Dimension L1 Difference
Languages Go, Rust (instead of Solidity, Move, etc.)
Depth agents + depth-consensus-invariant, depth-network-surface; no depth-token-flow
Phase 0.5 Bake phase: deterministic SCIP batch indexing — _bake_go_scip (Go) and rust-analyzer SCIP (Rust)
Phase 4c Removed (no chain analysis for L1 point vulnerabilities)
Severity matrix L1-specific, aligned with Immunefi v2.3
Skills 22+ L1 injectable skills (consensus, p2p, mempool, RPC, validator, etc.)
Evidence tags + [DIFF-PASS], [CONFORMANCE-PASS], [NON-DET-PASS], [FUZZ-PASS], [LSP-TRACE]
plamen l1 core /path/to/node-client    # terminal wrapper (both backends)

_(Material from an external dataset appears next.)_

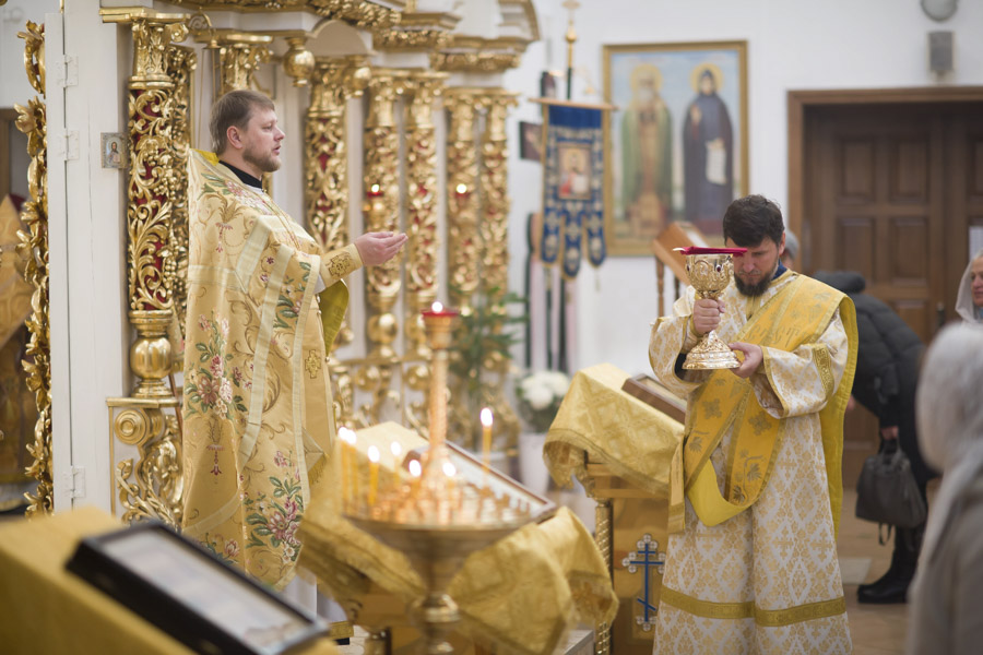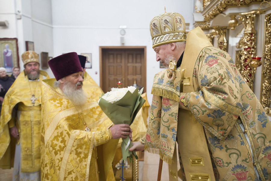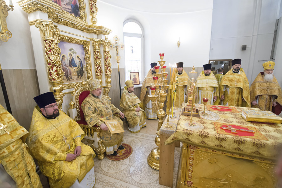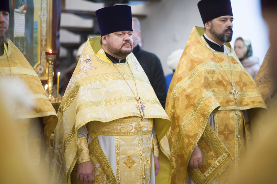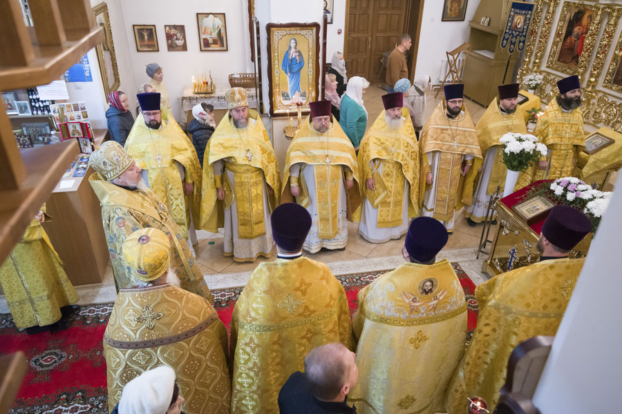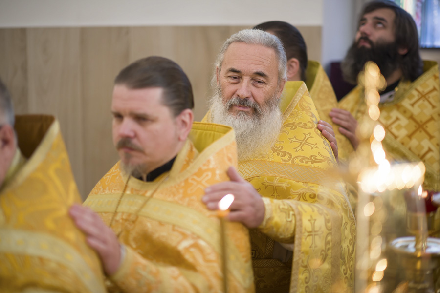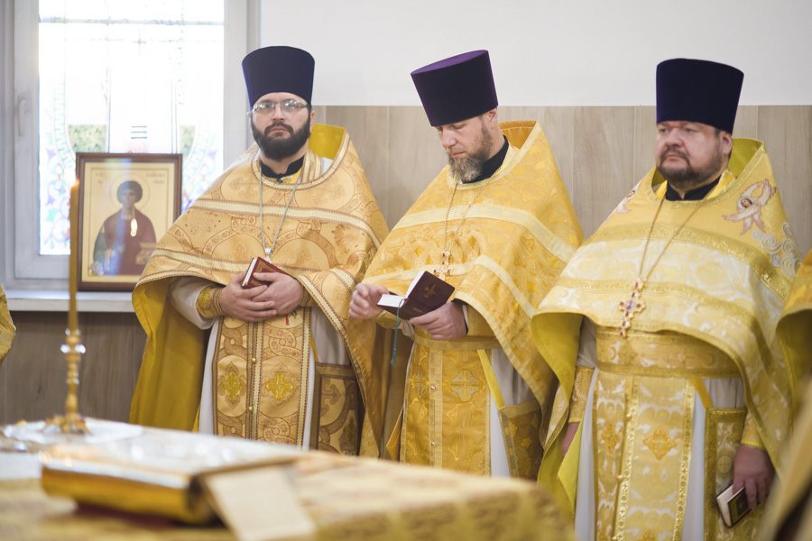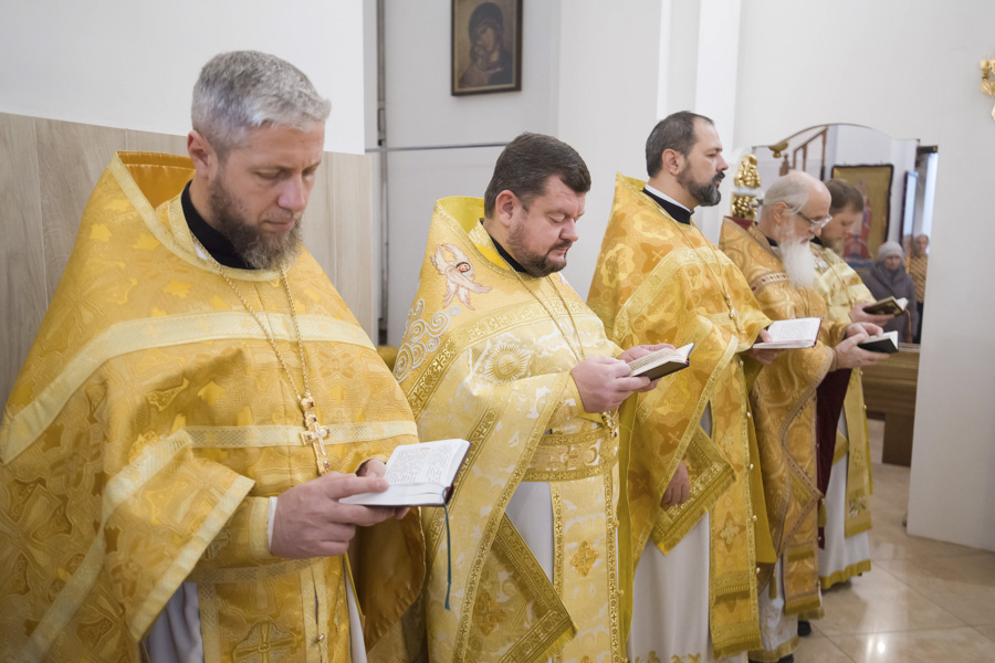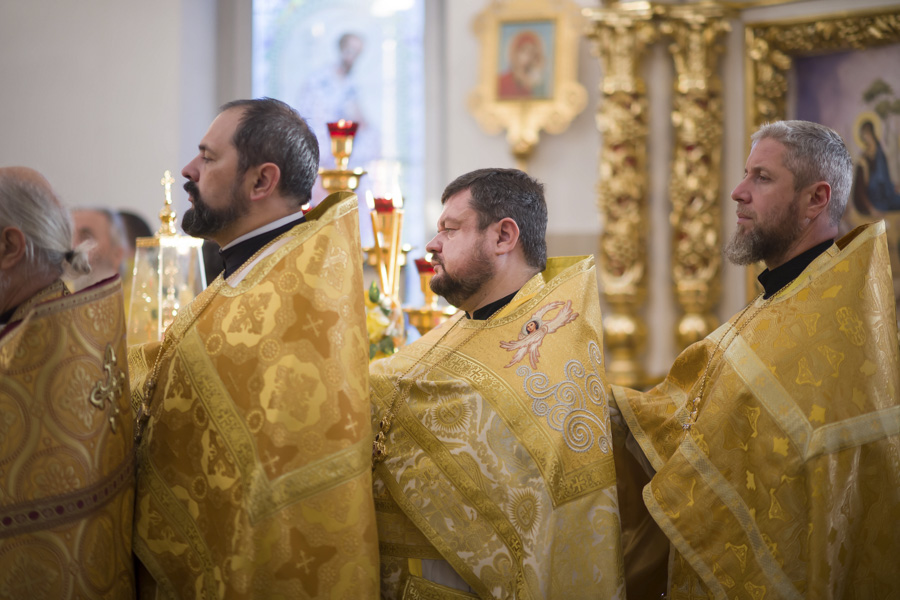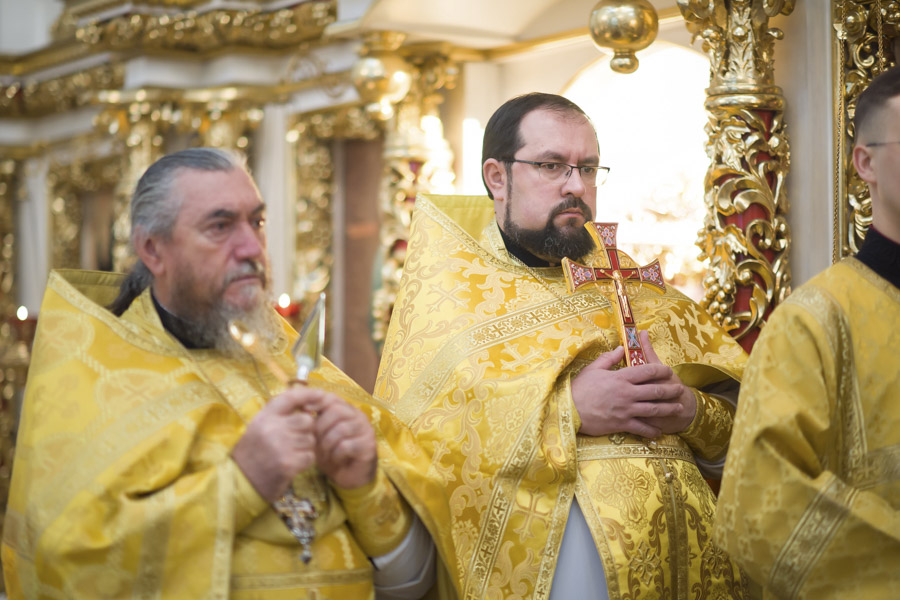 Его Высокопреосвященству сослужили: секретарь Гомельской епархии протоиерей Георгий Алампиев, благочинный Гомельского городского округа протоиерей Игорь Ольшанов, благочинный Гомельского районного округа протоиерей Артемий Кривицкий, председатель отдела по социальному служению и церковной благотворительности протоиерей Владимир Силенко, председатель Информационного отдела протоиерей Олег Кострома, настоятель прихода протоиерей Владимир Сулимов, эконом Гомельской епархии протоиерей Владимир Масалитин, ректор библейско-богословских курсов протоиерей Вадим Качан, председатель комиссии по канонизации святых в Гомельской епархии протоиерей Александр Лопушанский, настоятели приходов города и духовенство епархии.

Inside Claude Code, use /plamen-l1-wizard for interactive L1 audit configuration.

See l1-mode/design.md for the full L1 architecture.


Codex Backend (BETA)

All audit modes work with both Claude Code and OpenAI Codex CLI (codex exec) backends. The Codex backend is a cost-saving beta: it adds a research-backed model/tier/compact configuration, per-job depth fan-out (one codex exec per depth job, which fixes the never-cut-stub halt), and natural-language usage-cap detection that auto-waits instead of halting. Codex depth runs the full Devil's-Advocate iteration 2 and seeds the complete mandatory first-pass artifact set so recon/depth degrade losslessly, and a context-exceeded turn no longer perma-fails.

The V2 driver (plamen_driver.py) auto-detects the active backend via plamen_home() and handles tool translation and path rewriting (~/.claude/ vs ~/.codex/plamen/). Install the Codex backend with plamen install --codex. See the main README for full Codex setup.